*** Opening DATA ***

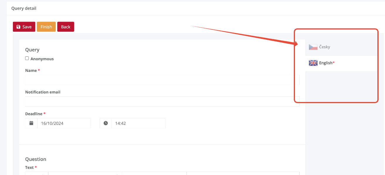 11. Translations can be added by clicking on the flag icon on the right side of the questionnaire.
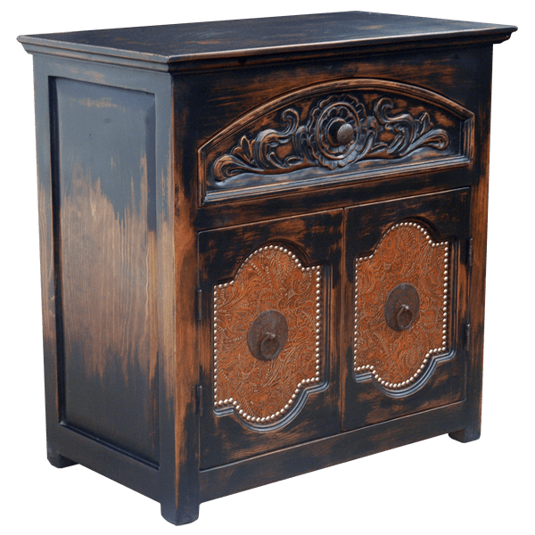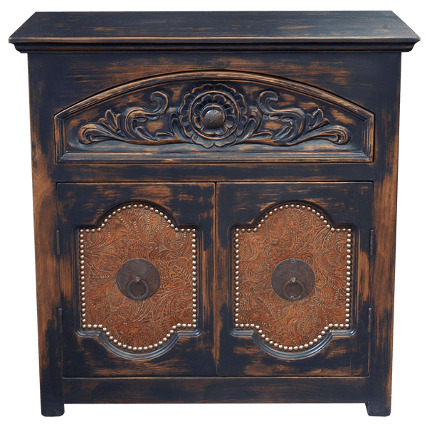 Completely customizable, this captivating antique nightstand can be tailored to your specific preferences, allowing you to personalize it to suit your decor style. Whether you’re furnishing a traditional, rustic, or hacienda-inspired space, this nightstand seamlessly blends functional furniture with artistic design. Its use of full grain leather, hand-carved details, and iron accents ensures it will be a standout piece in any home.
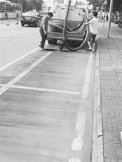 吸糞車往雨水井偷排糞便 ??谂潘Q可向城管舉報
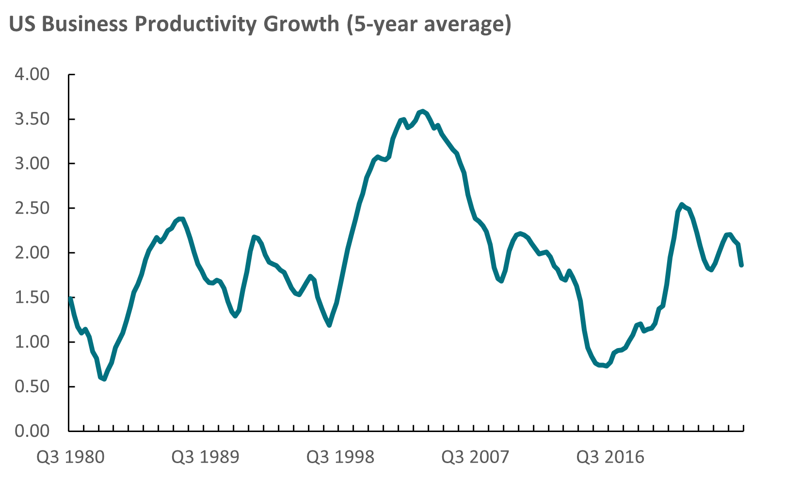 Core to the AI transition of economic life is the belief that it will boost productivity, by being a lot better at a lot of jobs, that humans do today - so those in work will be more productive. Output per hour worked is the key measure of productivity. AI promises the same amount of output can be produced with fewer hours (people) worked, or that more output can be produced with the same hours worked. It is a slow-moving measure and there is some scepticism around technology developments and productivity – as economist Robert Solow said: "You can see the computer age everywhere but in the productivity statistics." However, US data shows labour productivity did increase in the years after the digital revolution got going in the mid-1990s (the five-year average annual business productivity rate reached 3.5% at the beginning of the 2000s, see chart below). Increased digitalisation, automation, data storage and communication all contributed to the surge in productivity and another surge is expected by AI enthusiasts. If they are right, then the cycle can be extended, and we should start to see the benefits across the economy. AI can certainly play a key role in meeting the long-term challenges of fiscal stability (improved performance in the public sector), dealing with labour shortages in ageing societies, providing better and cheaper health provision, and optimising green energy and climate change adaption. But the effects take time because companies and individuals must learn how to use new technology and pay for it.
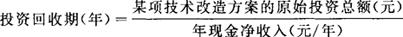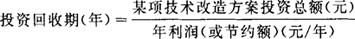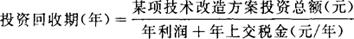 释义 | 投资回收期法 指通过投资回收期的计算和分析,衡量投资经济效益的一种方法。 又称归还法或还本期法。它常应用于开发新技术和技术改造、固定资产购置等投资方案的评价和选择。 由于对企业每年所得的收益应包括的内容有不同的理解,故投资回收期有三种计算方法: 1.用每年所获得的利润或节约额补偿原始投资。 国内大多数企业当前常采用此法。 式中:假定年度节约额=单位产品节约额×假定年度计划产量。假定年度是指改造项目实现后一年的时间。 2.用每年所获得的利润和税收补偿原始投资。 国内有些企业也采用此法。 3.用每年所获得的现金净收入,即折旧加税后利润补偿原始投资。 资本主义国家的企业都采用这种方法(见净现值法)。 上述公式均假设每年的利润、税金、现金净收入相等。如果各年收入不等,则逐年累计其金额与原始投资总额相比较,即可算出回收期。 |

*** Closing DATA ***

Make an exact copy of every entry above, but keep the pictures out of it.

 11. Translations can be added by clicking on the flag icon on the right side of the questionnaire.
 Completely customizable, this captivating antique nightstand can be tailored to your specific preferences, allowing you to personalize it to suit your decor style. Whether you’re furnishing a traditional, rustic, or hacienda-inspired space, this nightstand seamlessly blends functional furniture with artistic design. Its use of full grain leather, hand-carved details, and iron accents ensures it will be a standout piece in any home.
 吸糞車往雨水井偷排糞便 ??谂潘Q可向城管舉報
 Core to the AI transition of economic life is the belief that it will boost productivity, by being a lot better at a lot of jobs, that humans do today - so those in work will be more productive. Output per hour worked is the key measure of productivity. AI promises the same amount of output can be produced with fewer hours (people) worked, or that more output can be produced with the same hours worked. It is a slow-moving measure and there is some scepticism around technology developments and productivity – as economist Robert Solow said: "You can see the computer age everywhere but in the productivity statistics." However, US data shows labour productivity did increase in the years after the digital revolution got going in the mid-1990s (the five-year average annual business productivity rate reached 3.5% at the beginning of the 2000s, see chart below). Increased digitalisation, automation, data storage and communication all contributed to the surge in productivity and another surge is expected by AI enthusiasts. If they are right, then the cycle can be extended, and we should start to see the benefits across the economy. AI can certainly play a key role in meeting the long-term challenges of fiscal stability (improved performance in the public sector), dealing with labour shortages in ageing societies, providing better and cheaper health provision, and optimising green energy and climate change adaption. But the effects take time because companies and individuals must learn how to use new technology and pay for it.
 释义 | 投资回收期法 指通过投资回收期的计算和分析,衡量投资经济效益的一种方法。 又称归还法或还本期法。它常应用于开发新技术和技术改造、固定资产购置等投资方案的评价和选择。 由于对企业每年所得的收益应包括的内容有不同的理解,故投资回收期有三种计算方法: 1.用每年所获得的利润或节约额补偿原始投资。 国内大多数企业当前常采用此法。 式中:假定年度节约额=单位产品节约额×假定年度计划产量。假定年度是指改造项目实现后一年的时间。 2.用每年所获得的利润和税收补偿原始投资。 国内有些企业也采用此法。 3.用每年所获得的现金净收入,即折旧加税后利润补偿原始投资。 资本主义国家的企业都采用这种方法(见净现值法)。 上述公式均假设每年的利润、税金、现金净收入相等。如果各年收入不等,则逐年累计其金额与原始投资总额相比较,即可算出回收期。 |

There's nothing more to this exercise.